How do you factor #27m^3+1#?

2 Answers
Jul 3, 2016

#(3m+1)(9m^2-3m+1)#

Explanation:

This is a #color(blue)"sum of cubes"# and is factorised in general as follows.

#color(red)(|bar(ul(color(white)(a/a)color(black)(a^3+b^3=(a+b)(a^2-ab+b^2))color(white)(a/a)|)))#

#27m^3=(3m)^3" and " 1=(1)^3rArra=3m" and " b=1#

Substituting these values gives required factors.

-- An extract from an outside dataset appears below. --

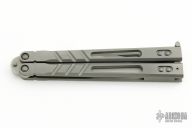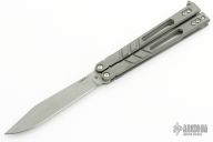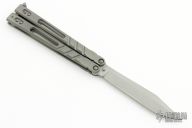 This Alpha Beast Balisong from Blade Runner Systems (BRS) features a tumble finished clip point blade. The handle has titanium frame with T latch on pommel. Includes original box. Excellent Condition.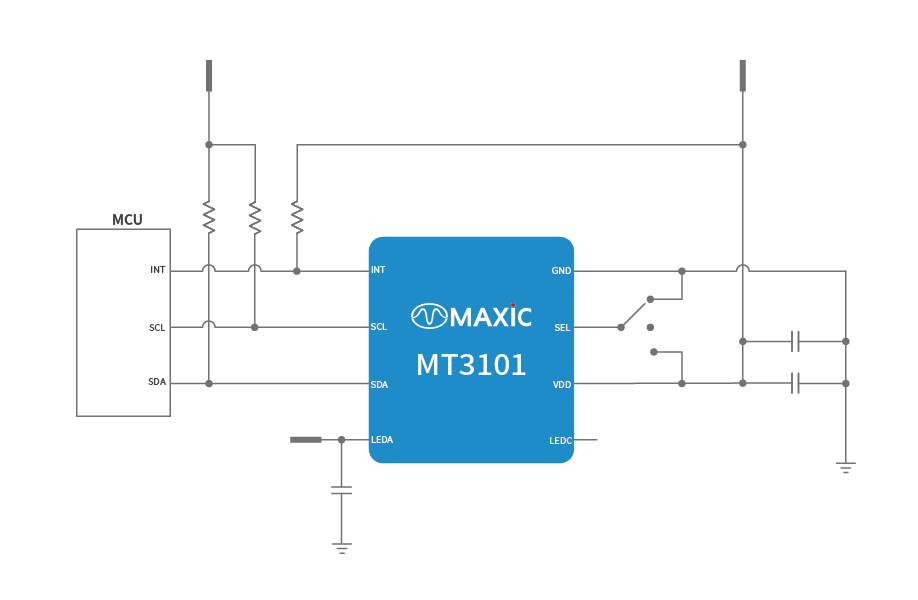 MT3101接近檢測傳感器內(nèi)置數(shù)模相結(jié)合的智能串擾消除技術,能夠最大程度地增大信號可用的動態(tài)范圍,提高抗串擾能力,采用高環(huán)境光抑制設計,搭配高效算法技術,提升紅外線測量數(shù)據(jù)轉(zhuǎn)化為接近檢測結(jié)果的精度,降低誤差值。內(nèi)置9-12 bits ADC用于接近檢測輸出,可編程驅(qū)動電流輸出最大到16mA且脈沖寬度和個數(shù)可配置。I2C 通信接口頻率最高可達400kHz,且支持3種不同的 I2C 識別地址,3顆MT3101可使用同一條 I2C 總線,降低多器件系統(tǒng)電路的設計難度。

#rArr27m^3+1=(3m+1)(9m^2-3m+1)#

Jul 3, 2016

Using the formula for the sum of cubes.

Explanation:

We can use the formula for the sum of cubes

#(a^3+b^3)=(a+b)(a^2-ab+b^2)#

here our cubes are

#(3m)^3+1^3=(3m+1)((3m)^2-3m+1)#

#=(3m+1)(9m^2-3m+1)#.

The roots of #9m^2-3m+1# are

#m=(3\pm sqrt(9-36))/(18)=(3\pm sqrt(-27))/18#

#=(3\pm i3sqrt(3))/18=(1\pm isqrt(3))/6#

then are both complex. This means that the quadratic part cannot be factorized more with real numbers. We can write the irreducible factorization in complex numbers as

#(3m+1)(m-(1+isqrt(3))/6)(m-(1-isqrt(3))/6)#.